Pod kątem technologicznym wnętrze testowanego samochodu jest jednak stosunkowo klasyczne –w Lexusie większość instrumentów pokładowych obsługuje się przy pomocy fizycznych przycisków czy innych elementów sterujących, których rozplanowanie nie jest w żaden sposób udziwnione. Jedyna ekstrawagancja to manetki wokół zegarów, które służą do wyłączania ESP i zmiany trybów jazdy. Mnie, jako zwolennikowi tradycyjnego podejścia do obsługi samochodów – bardzo to odpowiada.
Wspominałem, że większość rzeczy w Lexusie obsłużyć można fizycznymi przyciskami czy pokrętłami. Wyjątkiem jest system inforozrywki, którego sterowanie oparte jest o płytkę dotykową. „Miziając” po niej palcem, poruszamy wirtualnym kursorem, który przykleja się do poszczególnych przycisków, co jest sygnalizowane lekką wibracją.
Osobiście z nawigowaniem w ten sposób po menu nie miałem problemów – wymaga to trochę więcej uwagi, niż korzystanie z wielofunkcyjnych pokręteł, ale jest OK. Zwłaszcza, że podstawowymi funkcjami (zmiana piosenek, głośności, przełączanie pomiędzy audio i nawigacją) sterować można dodatkowymi, fizycznymi pokrętłami i przyciskami.
Na kierownicy przyciski zostały logicznie pogrupowane i przyzwyczajenie się do ich rozplanowania nie stanowi problemu. Za kołem kierowniczym znalazł się bardzo efektowny zestaw wskaźników z pierścieniem, który jest ruchomy i może znajdować się albo centralnie, albo przesuwać się na bok, robiąc miejsce na komputer pokładowy. Wygląda to super – niestety menu komputera nie ma języka polskiego.
Lexus LC 500 jest samochodem czteromiejscowym, ale wypada go traktować jako auto dwuosobowe. Gdy ustawiłem przedni fotel pod siebie (185 cm wzrostu) i usiadłem za sobą, to oprogramowanie fotela nie pozwoliło mu powrócić do pierwotnej pozycji, wyczuwając duży opór stawiany przez moje nogi. Nad głową również miejsca nie miałem w ogóle i musiałem się mocno garbić. Osobiście z tyłu LC podróżować dłużej bym nie mógł – jest to przestrzeń albo dla dzieci, albo dla osób o mniejszych gabarytach. Optymalnie, aby stosunkowo niska osoba siedziała również z przodu – wtedy ta z tyłu będzie miała co zrobić z nogami.
Bagażnik potwierdza mało rodzinny charakter LC, ponieważ liczy on 197 litrów pojemności i ma niewielki otwór załadunkowy. Na zabranie bagaży dla dwóch osób, na kilkudniowy wyjazd powinien być jednak w pełni wystarczający.
V8 pod maską
Lexus LC oferowany jest w dwóch wariantach – może być hybrydą, gdzie benzynowy silnik V6 3,5 litra wspierany jest przez silniki elektryczne, albo klasycznym autem spalinowym. Wtedy za napęd odpowiada potężny silnik V8 o pojemności 5 litrów, który generuje 477 KM i 540 Nm maksymalnego momentu obrotowego.

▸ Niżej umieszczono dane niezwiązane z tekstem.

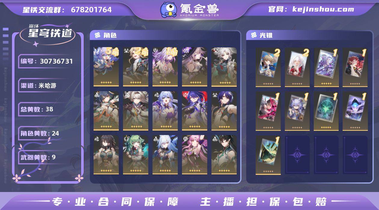 总黄数: 38 3命金色角色: 3命白露 2命金色角色: 2命彦卿 1命金色角色: 1命遐蝶 0命金色角色: 0命希儿,0命景元,0命姬子,0命瓦尔特,0命布洛妮娅,0命克拉拉,0命杰帕德,0命银狼,0命卡芙卡,0命丹恒•饮月,0命符玄,0命镜流,0命藿藿,0命阮•梅,0命真理医生,0命黄泉,0命知更鸟,0命流萤,0命飞霄,0命云璃,0命大黑塔 精2武器: 精2制胜的瞬间,精2无可取代的东西 精1武器: 精1时节不居,精1以世界之名,精1银河铁道之夜,精1记忆的质料,精1星海巡航,精1不息的演算,精1让告别,更美一些

Parametry te przekładają się na niesamowite osiągi i efekt wbicia w fotel praktycznie bez względu na prędkość. Ruszając z miejsca, 100 km/h osiągane jest w czasie 4,7 sekundy. Dalej ochota do przyspieszania Lexusa LC nie maleje, co doskonale odczuć można podczas wyprzedzania. Wystarczy wtedy wcisnąć pedał gazu i po chwili wyprzedzane auto jest już daleko w tyle – jazda testowanym modelem zupełnie zmienia postrzeganie tego manewru. Trzeba przy tym mieć do osiągów LC 500 respekt, ponieważ nawet na suchej nawierzchni kontrola trakcji musi nieraz działać podczas przyspieszania z prędkościami przekraczającymi 100 km/h. Na mokrej jeszcze trudniej jest poskromić potężną moc przenoszoną na tylną oś – elektronika robi co może, ale praw fizyki nie oszuka.

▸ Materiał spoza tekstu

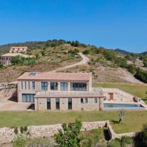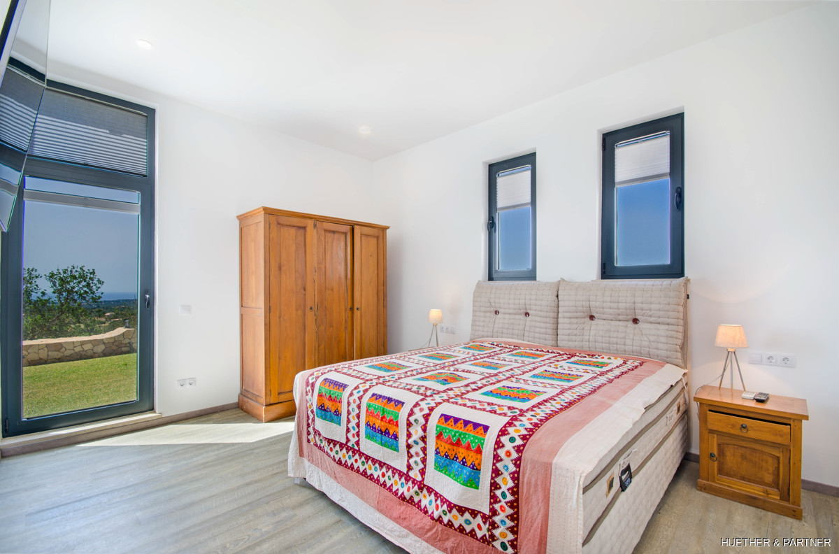 The first-floor master suite includes a dressing area and opens onto a vast terrace with unparalleled views. Additional features include a large office or potential fitness room, a utility room, and a guest WC. The property is equipped with double-glazed ALU windows, solar panels for hot water, a 30,000L water reservoir from a private well, and automatic garden irrigation. This villa offers privacy and tranquility, with a guarantee of no further construction in the vicinity.

Silnik V8 cechuje się ponadto fantastycznym dźwiękiem. Podczas normalnej jazdy jest on mocno wygładzony – chociaż cały czas słychać jest bardziej basowe brzmienie niż w zwykłej jednostce R4. Ostrzejsze wciśnięcie pedału gazu zmienia dyskretne dźwięki w prawdziwy ryk, któremu towarzyszą strzały z wydechu, gdy bieg zmieniany jest na czerwonym polu. Odgłosy wtedy wydawane są uzależniające.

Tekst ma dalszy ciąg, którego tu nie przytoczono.